Summary
Project Participants:
David Lightfoot, Ph.D., Southern
Illinois University, Carbondale,
Khalid Meksem,
Ph.D., Southern Illinois University, Carbondale,
Christopher
Town, Ph. D., The Institute for Genomic Research,
Hongbin Zhang, Ph.D.Texas
A&M University
Introduction:
Functional genomics requires
multi-parallel approaches to assess gene function that make use of the
information and reagents provided by structural genomics. Genomics has enhanced
understanding of the nature of complex trait loci through physical maps and
through expression profiles that underlie phenotypes. Integrating tools that
allow gene targeting, (STS, ESTs, genome sequence tags and DNA markers) with
physical maps has lead to the routine isolation of DNA fragments that contain candidate
genes underlying complex trait loci.
Proposed
is the development of a high-density gene map from a robust physical map of the
soybean genome.

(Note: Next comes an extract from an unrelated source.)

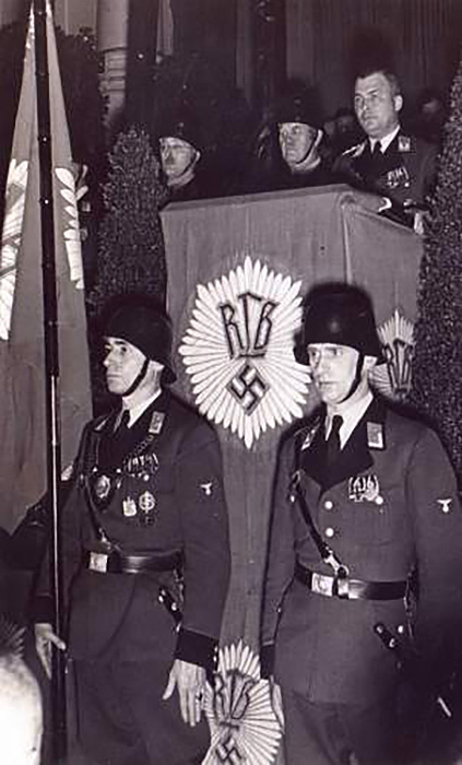 该礼兵刺总长35CM,配原皮挂。难得遇到由陆军机枪手、炮兵和装甲部队三兵种组成精美的图案。刀身德文格言:Zur Erinnerung an Meine Dienstzeit,即铭记我服役的时光。原鞘漆保存80%,无磕碰。

The integrated map
will allow us to test the hypothesis
that ‘in the plant post-genome sequence era, crop whole genome sequencing is
unnecessary for functional genomes’. Testing the hypothesis will produce a
map for functional genomics that will accelerate the rate of economically
important gene discovery; provide a framework for integrating functional gene
maps of legumes; and provide a tool for comparative structural and functional
genomics among crops.
Objectives and Goals: We will:
1. Develop at
high-resolution a 40-60 thousand gene map that can be used for functional
genomics. Comparison of the gene map with the predicted gene content of 9 Mbp
of genome sequence will test the hypothesis that whole crop genome shotgun
sequencing is redundant.
2. Improve methods
for assembling the fingerprinted BACs into complete and robust physical map
contigs. Comparisons of physical map construction methods will address the
validity of gene locations inferred from physical maps.
3. Sequence 8-9 Mbp
of soybean genomic DNA from a gene rich region on chromosome G. The contig
generation tools and gene maps can be critically evaluated compared to benchmark
sequence data for overlapping BACs and their predicted gene content.
4.
Test the utility of the contigs, virtual sequence and DNA sequence
for identifying homeologous genomic regions. The predictive value of synteny
associations will be tested.
5.
Provide researchers with electronic access to fingerprints, maps,
genome sequences and clones. Allow interactive analysis of regions likely to
contain genes and QTLs of agricultural importance and determine the robustness
of the virtual sequence represented by the gene map.
Methods:
The
primary method for gene map development and physical map gap filling will be
STS integration with BAC fingerprint data. Paralogs will be identified from
ESTs to increase the map’s gene density. DNA sequencing will be used to generate
8-9 Mbp of sequence from two gene rich regions and one soybean chromosome.
Paralogs and sequence predicted genes will be annotated by identification in
the transcriptome, hypo-methylated genomic DNA or DNA derived from
hyper-acetylated nucleosomes. Bio-informatics will be used to compare gene
order across genera and to make gene function predictions.